O que dizer por exemplo dos dois encarregados responsáveis por fazer as coisas acontecerem dentro da companhia? Interpretados pelos ótimos Richard Jenkins (Deixe-me Entrar) e Bradley Whitford (Corra!), os dois engravatados personificam praticamente todos os clichês do mundo corporativo, e a forma com a qual eles se referem aos funestos acontecimentos de seu empreendimento do mal é hilariante, e sempre faz uma esperta analogia com o mundo corporativo real. Uma sequência impagável, por exemplo, é quando o pessoal do escritório decide fazer um bolão para descobrir de que forma uma determinada vítima da cabana será assassinada, e o leque de possibilidades é vasto: zumbis, canibais, vampiros, espíritos, criaturas e monstros variados estão entre as opções.
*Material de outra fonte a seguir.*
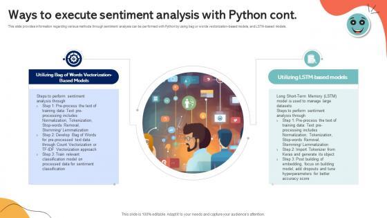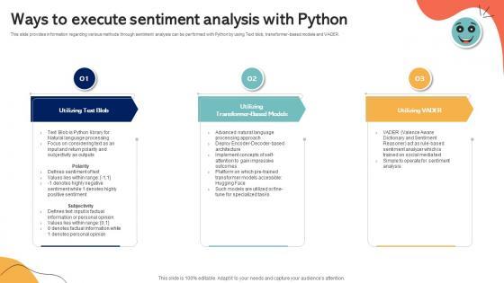 This slide provides information regarding various methods through sentiment analysis can be performed with Python by using Text blob, transformer-based models and VADER. Welcome to our selection of the Ways To Execute Sentiment Analysis With Python Emotionally Intelligent Insights Leveraging AI SS V. These are designed to help you showcase your creativity and bring your sphere to life. Planning and Innovation are essential for any business that is just starting out. This collection contains the designs that you need for your everyday presentations. All of our PowerPoints are 100 percent editable, so you can customize them to suit your needs. This multi-purpose template can be used in various situations. Grab these presentation templates today. This slide provides information regarding various methods through sentiment analysis can be performed with Python by using Text blob, transformer-based models and VADER.

Ao longo de sua carreira como roteirista, Whedon tem escrito menos sobre pessoas que precisam escapar das burocracias do Mal, e mais sobre as pessoas que comandam grandes organizações, onde algumas destas já são acostumadas a cometer um quantia significante de maldade no curso de seu trabalho. Foi assim em séries como Buffy: A Caça-Vampiros e Firefly, e no derivado cinematográfico da segunda, Serenity: A Luta Pelo Amanhã (2005), onde corporações malignas estavam sempre por trás das ações dos principais vilões.
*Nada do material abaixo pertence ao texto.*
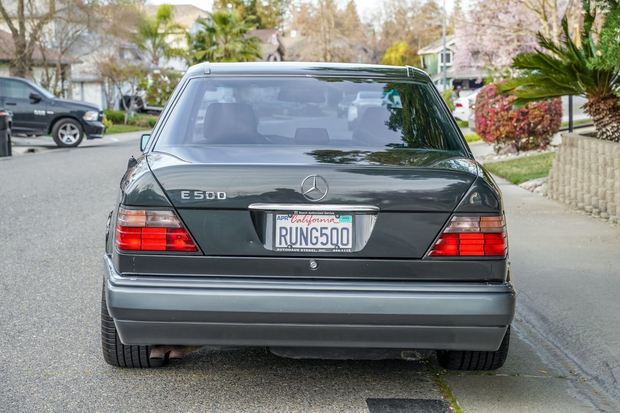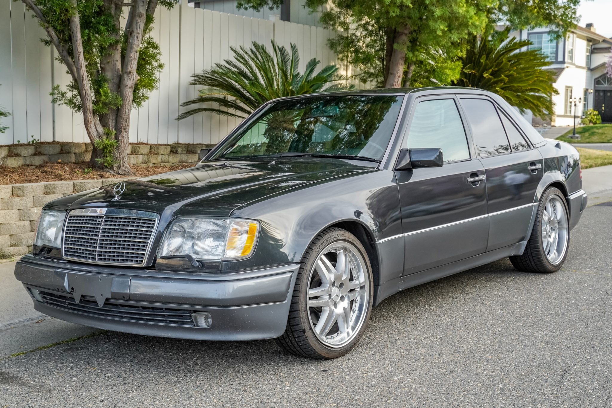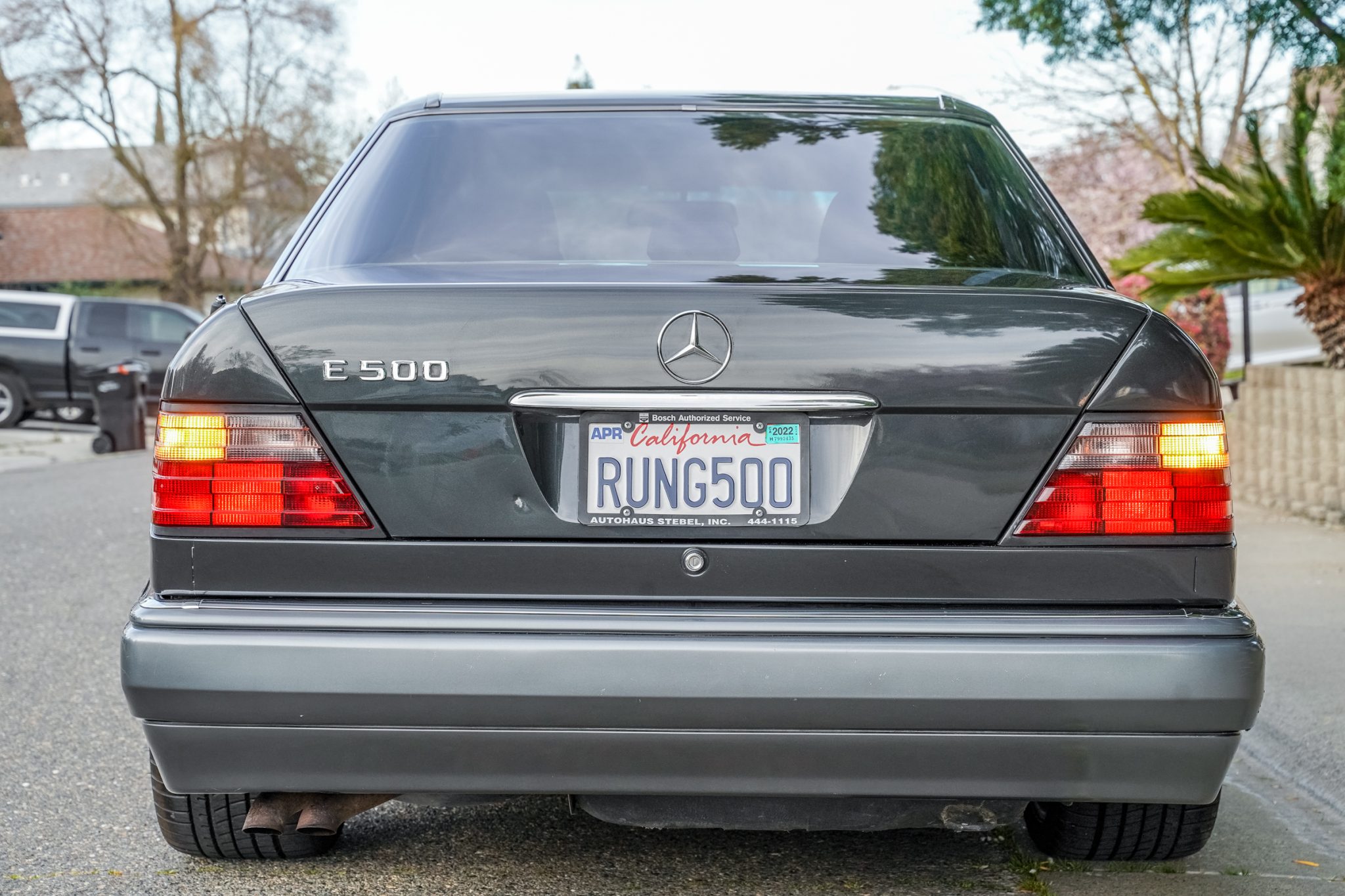 Silver-finished 19″ aftermarket wheels are mounted with 245/35 front and 285/30 rear Michelin Pilot Sport A/S 3+ tires that show 2019 date codes. The E500 featured a wider track and a lowered suspension compared to other W124 models. Equipment includes four-wheel disc brakes, Acceleration Slip Regulation, and a self-leveling suspension system. Blemishes on the wheels can be seen in the gallery below.

Sob a ótica de Whedon, corporações são verdadeiras máquinas que se auto-reproduzem e espalham o mal no mundo como uma doença. E praticamente metade deste O Segredo da Cabana é visto pela perspectiva dos burocratas do filme. Eles acabam por ser tão irônicos e sarcásticos quanto os heróis e heroínas dos filmes do gênero, mas também são trágicos de maneira comprometida e adulta.

Acredito que a maioria aqui já assistiu algum filme ou seriado onde o grande vilão da história não era especificamente uma pessoa, mas sim toda uma empresa ou corporação que visava lucros independentemente do mal que causasse à humanidade. Bons exemplos são a Mega Corporação Weyland-Yutani, da franquia Alien, e a Tyrell Corporation, do filme Blade Runner: O Caçador de Androides. E é claro que no mundo real, a história se repete e talvez de um modo “mais light”. Algumas empresas, como a KFC e Monsanto, entre tantas outras, ainda que não possam ser consideradas “malignas”, certamente possuem um ar de intriga em volta delas que pode deixar os mais paranoicos com os cabelos em pé. Não vou entrar nos detalhes aqui, mas uma rápida busca no Google já basta para os mais curiosos satisfazerem sua curiosidade.
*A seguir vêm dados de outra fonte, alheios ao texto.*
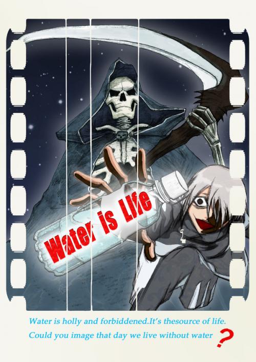 说明: 作品以“水是生命”的主题。背景星空,代表浩瀚的宇宙。骷髅代表死神,表达生命的结束。少年代表新生,是生命的体现。瓶中的水是主体,是生命的源泉。“水”以独有的形态存在于浩瀚的宇宙中,没有任何东西能代表它独有的地位。死神窥视着眼前发生的一切,“少年”的表情流露出对身后死神的恐惧,“少年”奔向“水”体现“少年”对生命延续的珍视。

O Segredo da Cabana é sem dúvida um dos filmes de horror mais diferentes e originais de todos os tempos. Sem falar que ainda apresenta um dos melhores design de monstros da história do gênero. Goddard e Whedon sempre foram bons na elaboração de novas criaturas, mas frequentemente, eles se saem melhor quando criam uma sensação de inquietude ao implantar uma visão de mundo e comportamentos monstruosos que se manifestam na forma humana. É sempre mais chocante observar pessoas comportarem-se de maneira monstruosa do que assistir à monstros literais, e os monstros de O Segredo da Cabana dão as caras em ambas as formas. Seja como uma brincadeira com os clichês do horror ou como uma sátira ao mundo corporativo, O Segredo da Cabana é uma divertida e original incursão cinematográfica que assusta e faz pensar.